Eklutna Lake is also the source of about 90% of Anchorage’s drinking water. But that amounts to just 10% of the water that’s diverted from the river, according to the utilities; the remaining 90% goes to generate electricity.
Meiklejohn said he doesn’t want to interfere with the city’s drinking water supply. But he estimates that just 10% of the diverted water would be needed to support salmon spawning, with minimal impacts to power costs.
“I think it’s a solvable problem. I think there’s enough water to allow some to go into the river for the fish,” he said. “And I would love to see the utilities get a little more proactive on this, and get some of their best and brightest minds working on a solution.”
The lower dam’s removal was a four-year effort that finished last year — Meiklejohn’s organization partnered with the Eklutna people to do the work, hiring Eklutna Inc., their Alaska Native village corporation, as the contractor.
In interviews, officials who work with the utilities said that they’re committed to addressing the impacts of the upstream hydroelectric project. But, they said, they also have obligations to their members and customers, and they want the studies to happen first to help guide their actions.
“We have to understand what the trade-offs are,” said Bill Falsey, the municipal manager for Anchorage, whose public utility owns 53% of the hydroelectric project. “We’re not going to know what policy option makes the most sense until we have really run all the scenarios.”
The hydroelectric project drains out of the lake through a tunnel in the bottom, and utility officials said it could also cost money to reconfigure their infrastructure to send water down the river. And, Falsey added, “it’s not even a known quantity what it will take to get fish to return.”
“That’s what this is about,” he said. “That’s why we are engaged in these studies.”
As part of the project’s transfer from the federal government to the utilities, they were not required to get an operating license from the Federal Energy Regulatory Commission.

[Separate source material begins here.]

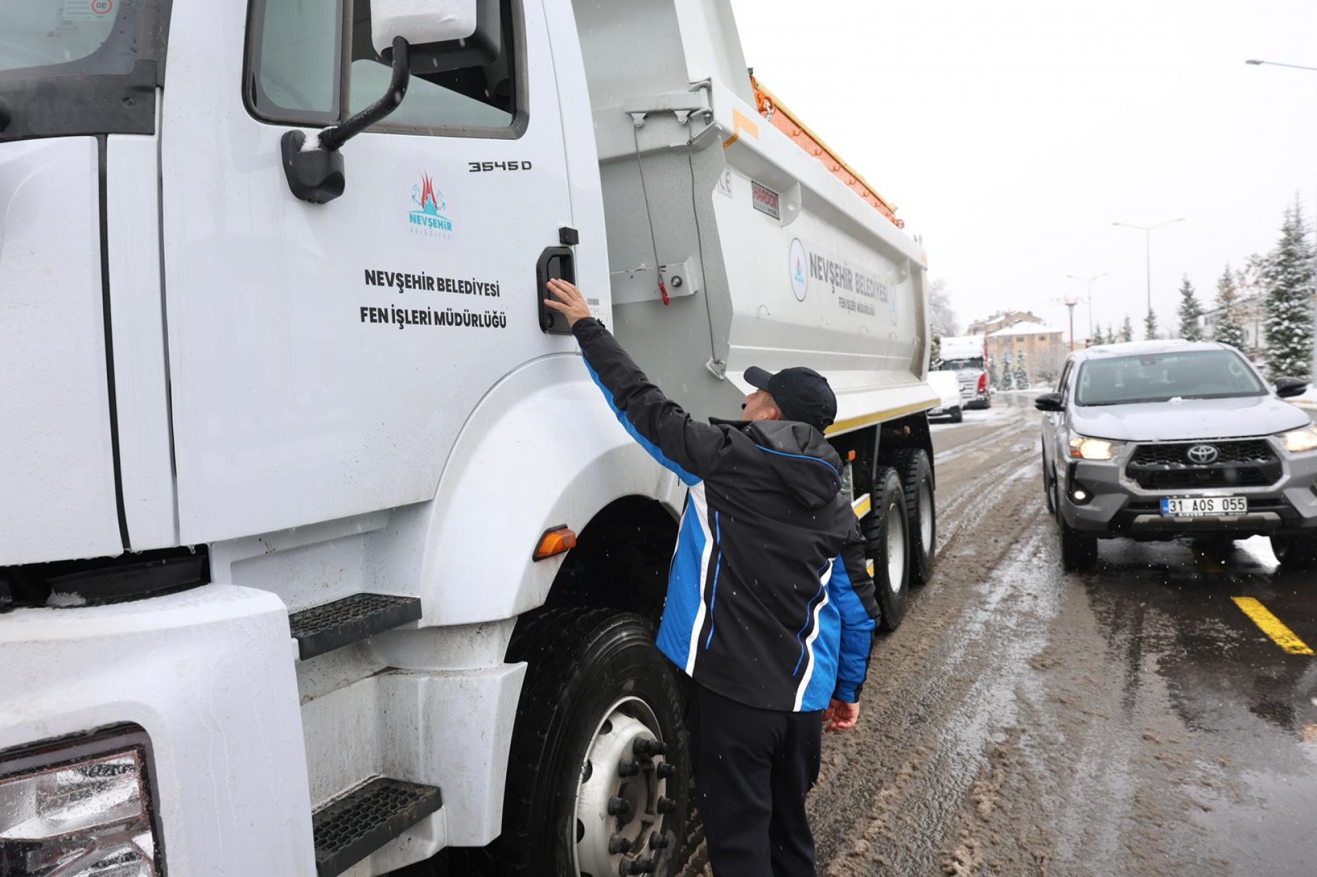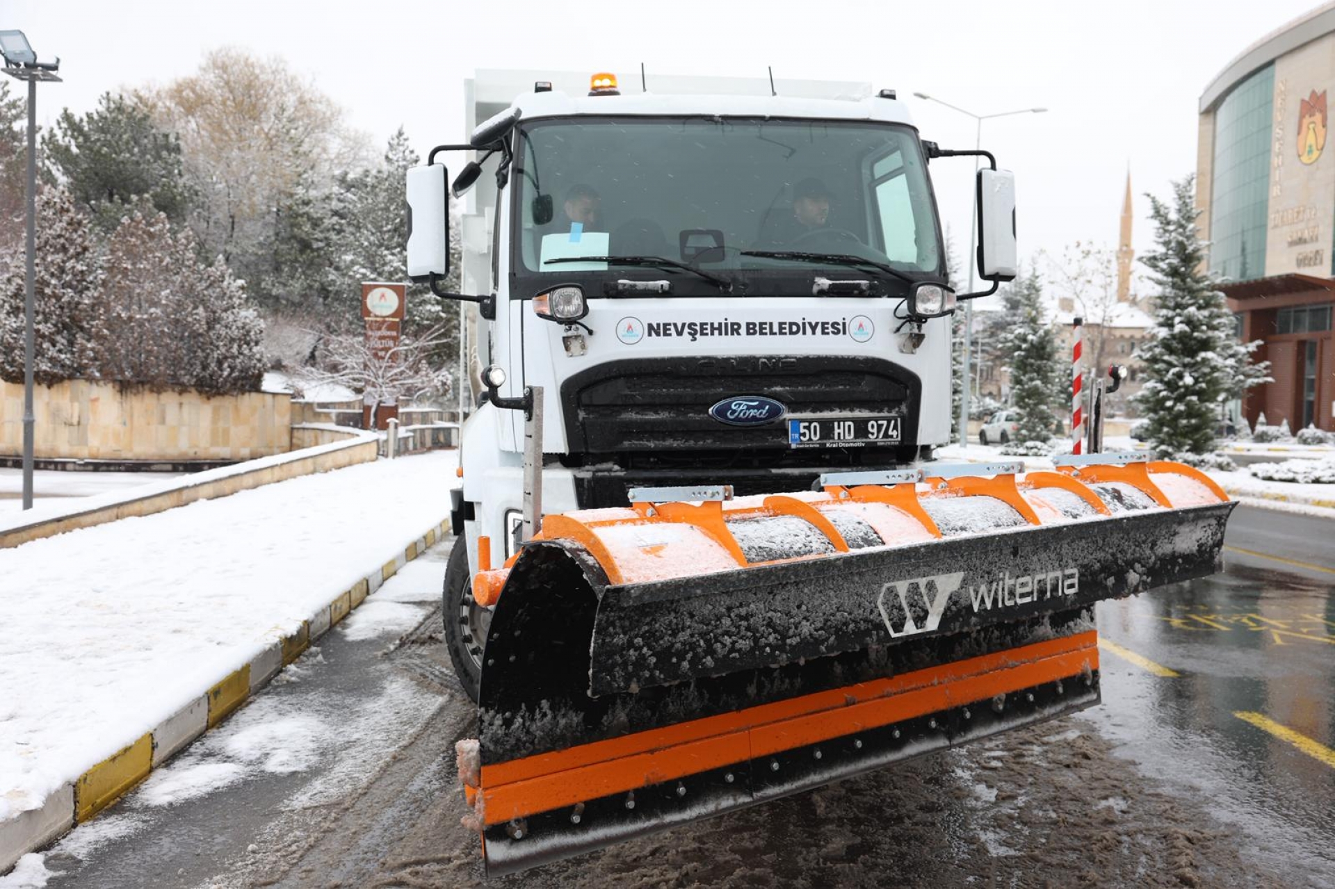 Nevşehir'de dün akşam saatlerinde başlayan karla karışık yağmur gece saatlerinden itibaren yerini yoğun kar yağışına bıraktı. Nevşehir Belediyesi ekiplerinin şehir merkezinde başlattığı karla mücadele çalışmaları aralıksız devam ederken, Nevşehir Belediyesi'nin yeni katılan Kar Küreme Aracı'nın şoför koltuğuna geçerek şehrin periyodik noktalarında kar temizliği yapıldı.

Environmental reviews and restrictions that could have accompanied the licensing process were replaced by an eight-page agreement that the new owners signed with federal agencies.
The 1991 agreement, which is enforceable by federal court, requires the utilities to begin studying fish and wildlife impacts of the hydroelectric project no later than 25 years after the purchase took effect in 1997, or 2022.
The utilities started the study process this summer, three years earlier than the agreement requires. But actions to address the impacts identified by the studies are not required to start until 2027, and they don’t have to be finished until 2032.
The agreement ultimately asks the utilities to deliver draft recommendations to the governor. The governor is then charged with adopting a formal plan that balances “efficient and economical power generation” and energy conservation with fish and wildlife, recreation, water supplies and “other beneficial public uses.”
Critics point out that the agreement contains no protections for the Eklutna people, and doesn’t reference them whatsoever.
In an interview, Aaron Leggett, president of the Native Village of Eklutna, said tribal members have gotten used to being patient. But he said he also sees the story of the lower dam’s removal as being too compelling to ignore, which leaves him “optimistic.”
“I think at the end of the day, we’ll get there,” he said. “We’re at the point where, at a minimum, we know we’ve taken the dam out. And to us, that’s something to be celebrated.”
More than half of Eklutna’s tribal members live in or near the Anchorage area, Leggett said. And reviving a salmon run in their community, he added, could help unify them.